Hi, I'm Ryan, CTO at airCloset — Japan's leading fashion rental subscription service.

Today I want to share something I'm genuinely proud of: DB Graph and DB Graph MCP — a Model Context Protocol (MCP) server that lets anyone in our company search and query 15 schemas, 991 tables, 11 SQL databases, and 6 MongoDB instances using natural language through Claude Code.

You don't need to know a single table name. Ask "find tables related to returns" and it gives you the answer — across schemas, across database engines. And yes, it can query production data safely.

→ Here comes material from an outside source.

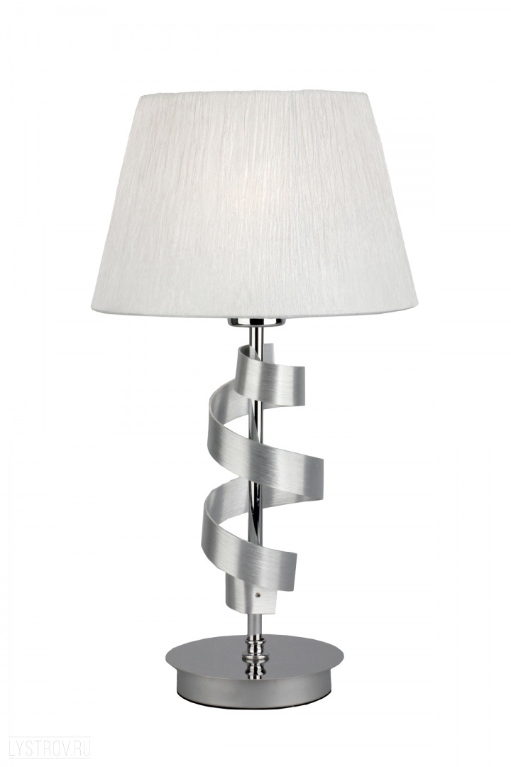 металла цвета хром. Поверхность арматуры глянцевая. Плафон изготовлен из текстиля белого цвета, имеет конусную форму и матовую рельефную поверхность. Направлен вверх и вниз. Осветительный прибор рассчитан на освещение пространства площадью 3 кв. м. Тип цоколя используемых ламп E27. Производитель рекомендует использовать лампы мощностью не более 60 Вт. Суммарная мощность светильника составляет 60 Вт. Лампочки в комплект не входят. Защита от попадания влаги и пыли внутрь изделия не предусмотрена. Имеется диммер. Рекомендуем к применению в гостиной, кабинете, спальне.

In this post, I'll walk through everything: what it does, how it works, the tool design, actual response formats, how we built the graph, how we operate it, and how we handle permissions and security.

The Problem: Nobody Knows All 991 Tables

airCloset has been running since 2015 — that's 10 years of accumulated database schema.

Resource	Count
SQL Databases	11 (MySQL 8 + PostgreSQL 3)
MongoDB Databases	6 (DocumentDB 5 + Atlas 1)
Schemas	15
Tables/Collections	991
ORMs	4 (TypeORM, Sequelize, Drizzle, Mongoose)
Repositories	28

Nobody in the company knows all of them. Not even close.

Here's a real scenario. Customer support asks: "This customer's app shows the return as completed, but has the warehouse actually confirmed receiving it?"

Think about what you need to investigate this.

The app-side return status lives in the aircloset schema's delivery order table. If the delivery status is "RETURNED", the app considers it done. Some people might know this much.

But the warehouse-side confirmation lives in the bridge schema. A receive record table's status being "COMPLETE" means the warehouse has physically processed the returned package.

The problem? These two live in completely separate databases. No foreign key connects them. To bridge the gap, there's an intermediate mapping table in aircloset that holds a warehouse order code (varchar) — which corresponds to a shipping order code in bridge. No FK, just a varchar match across schemas.

aircloset delivery order table (status = RETURNED)
  ↓ order_id
aircloset warehouse mapping table
  ↓ warehouse_order_code (varchar)
bridge shipping order table (matched by code — no FK!)
  ↓ shipping_order_id
bridge receive record table (status = COMPLETE = warehouse confirmed)

Table names are generalized for this article.

Four tables, two schemas, a foreign-key-less varchar join. How many people in the company know this path? You could count them on one hand. And if they're on vacation, the investigation stalls.

This is daily life in a 991-table × 15-schema world. It's not just "I don't know the table name." It's that the connections between schemas exist only in specific people's heads. That was the real problem.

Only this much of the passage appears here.